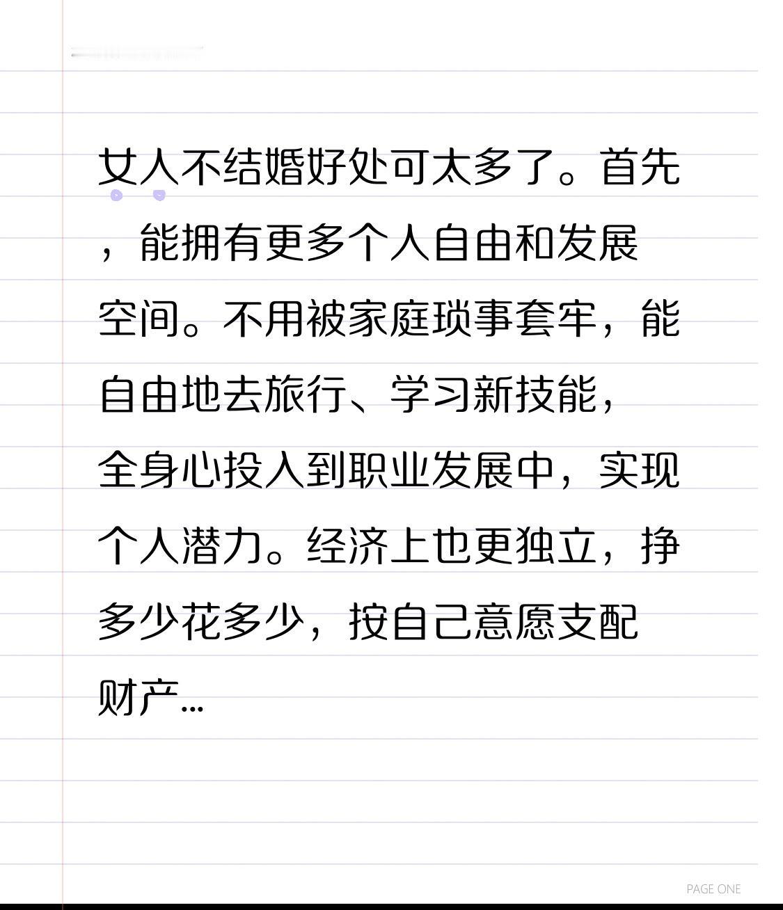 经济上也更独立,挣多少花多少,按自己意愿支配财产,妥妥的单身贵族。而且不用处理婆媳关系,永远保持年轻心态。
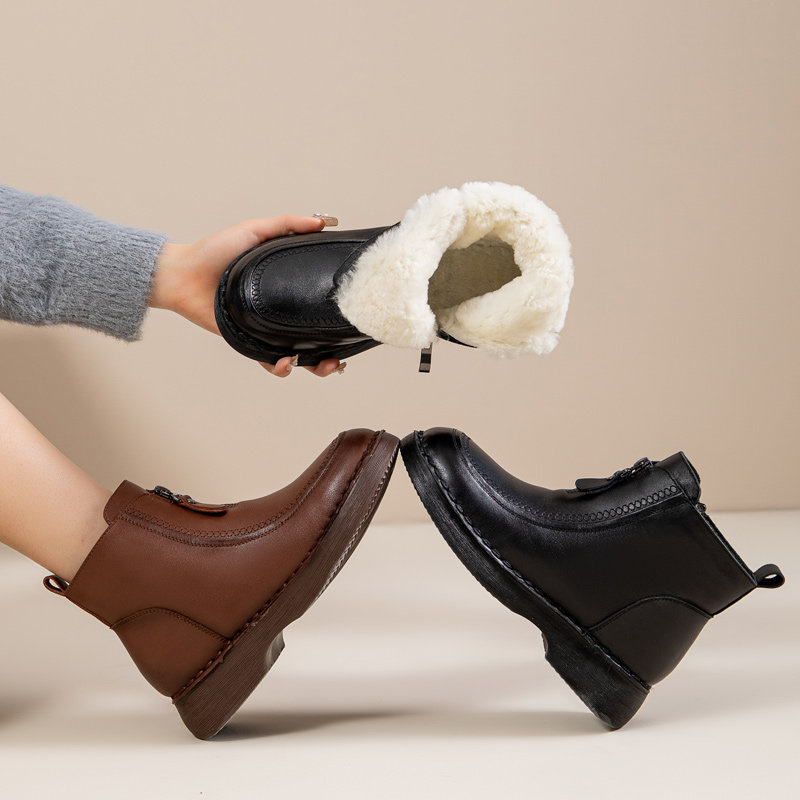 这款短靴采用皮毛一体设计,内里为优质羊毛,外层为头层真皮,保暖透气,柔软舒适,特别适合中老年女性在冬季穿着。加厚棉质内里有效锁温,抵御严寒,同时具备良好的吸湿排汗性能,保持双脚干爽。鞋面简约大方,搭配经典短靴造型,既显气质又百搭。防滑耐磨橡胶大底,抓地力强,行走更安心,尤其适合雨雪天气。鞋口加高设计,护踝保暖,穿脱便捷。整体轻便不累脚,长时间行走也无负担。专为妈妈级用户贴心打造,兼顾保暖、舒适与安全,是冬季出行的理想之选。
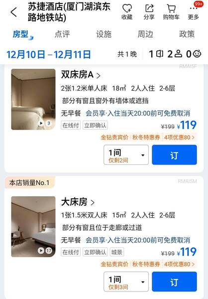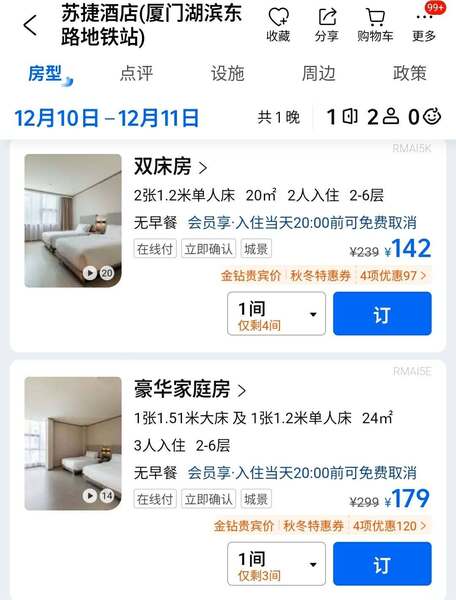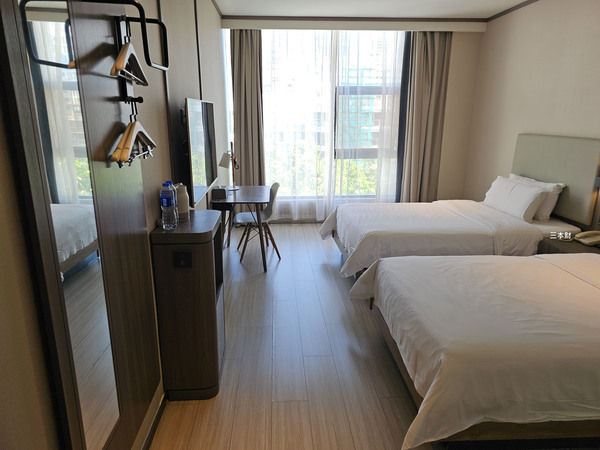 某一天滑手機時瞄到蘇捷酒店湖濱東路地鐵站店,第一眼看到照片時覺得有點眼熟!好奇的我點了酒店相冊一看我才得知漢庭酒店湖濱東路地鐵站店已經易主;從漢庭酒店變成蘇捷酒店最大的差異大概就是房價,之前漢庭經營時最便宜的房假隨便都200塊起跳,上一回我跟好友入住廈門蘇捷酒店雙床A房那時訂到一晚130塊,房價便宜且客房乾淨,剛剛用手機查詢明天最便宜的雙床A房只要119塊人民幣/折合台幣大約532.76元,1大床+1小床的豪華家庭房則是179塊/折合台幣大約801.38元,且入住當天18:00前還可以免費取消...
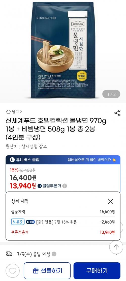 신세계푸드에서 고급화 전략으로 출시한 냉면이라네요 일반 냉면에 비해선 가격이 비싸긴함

+-------+

TASK PROMPT ::
From the line containing "这款短靴采用皮毛一体设计,内" to the last line of the listing above, transcribe each line exactly, skipping the pictures.

SOLUTION FOR THIS PROBLEM ::
 这款短靴采用皮毛一体设计,内里为优质羊毛,外层为头层真皮,保暖透气,柔软舒适,特别适合中老年女性在冬季穿着。加厚棉质内里有效锁温,抵御严寒,同时具备良好的吸湿排汗性能,保持双脚干爽。鞋面简约大方,搭配经典短靴造型,既显气质又百搭。防滑耐磨橡胶大底,抓地力强,行走更安心,尤其适合雨雪天气。鞋口加高设计,护踝保暖,穿脱便捷。整体轻便不累脚,长时间行走也无负担。专为妈妈级用户贴心打造,兼顾保暖、舒适与安全,是冬季出行的理想之选。
 某一天滑手機時瞄到蘇捷酒店湖濱東路地鐵站店,第一眼看到照片時覺得有點眼熟!好奇的我點了酒店相冊一看我才得知漢庭酒店湖濱東路地鐵站店已經易主;從漢庭酒店變成蘇捷酒店最大的差異大概就是房價,之前漢庭經營時最便宜的房假隨便都200塊起跳,上一回我跟好友入住廈門蘇捷酒店雙床A房那時訂到一晚130塊,房價便宜且客房乾淨,剛剛用手機查詢明天最便宜的雙床A房只要119塊人民幣/折合台幣大約532.76元,1大床+1小床的豪華家庭房則是179塊/折合台幣大約801.38元,且入住當天18:00前還可以免費取消...
 신세계푸드에서 고급화 전략으로 출시한 냉면이라네요 일반 냉면에 비해선 가격이 비싸긴함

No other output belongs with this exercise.